Thursday, June 4, 2009

Mayonnaise

I was just reading the current issue of Oxford American and there is a recipe for Pimento Cheese. Bad enough that the author uses sage and (gag) yard onions, but to make it truly awful he uses Duke's mayonnaise.

I just want to make this clear. If you must use store bought mayonnaise Hellman's is the only acceptable brand. Anything else is just swill. You might as well use Kraft or (double gag) Miracle Whip.

11 comments:

motheramelia said...

I agree that the only edible store bought mayonnaise is Hellmans.

Tracie the Red said...

Amen to the Hellmans.

I used to like Kraft better but I think they changed their recipe or something. It's just not the same any more.

And I hate Miracle Whip.

Paul said...

Preach it, sister!

My mother used nothing but Best Foods (which is Hellman's west of the Rockies), so I was spoiled. All else is disgusting. Of course, if you make your own that is wonderful.

EY said...

Hey! What did Miracle Whip ever do to you? Granted, I don't use it as a non-sandwich ingredient, but I do love the tangy zip on a ham or roast beef sandwich.

Grandmère Mimi said...

Roseann, yes indeedy about the Hellmans. The company should pay you for this post.

suzanne said...

Now I know where the nausea comes from.

StLouisJohn said...

Ugh, how can you even defile your wonderful blog by mentioning M***CLE W**P? It's the sandwich spread that dare not speak its name, it is so vile.
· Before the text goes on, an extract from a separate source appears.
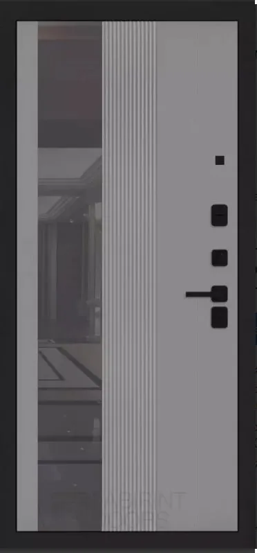 Покраска металла: Муар черный Фрезерованная МДФ панель 10 мм, цвет "Velutto Grigio" с патиной и вставкой из металла в цвет наличника (заподлицо)

When in mayonnaise mood, I generally make my own from scratch. :-) But if I must buy from the store, either due to need or laziness on my part, Hellmans is the only brand. Period. Carve it in stone, as this is not debatable.

Joan said...

AMEN!! Hellman's/Best Foods or NOTHING!!

Janis said...

As always, John hit it dead on. I too cannot abide to name or spell M****** Crap.

Douglas Ward said...

You know what's worse than Kraft mayonaisse? French's mustard. Can't stand the stuff.

Anonymous said...

So true.

And, I'm with Doug on French's Mustard too.

And, as long as I'm on a tear, what's the deal with this crap cheese in the supermarkets? Can we please get some real cheese without having to go to a specialty store?

Same as above but substitute meat for cheese.

Same as above but substitute pickles for meat.

And, if you're going to bake for crying out loud get a bag of King Arthur flour. Otherwise you might as well eat a Twinkie. If you don't care enough to use King Arthur then you might as well not bake.

Thank you very much. Now I'm hungry.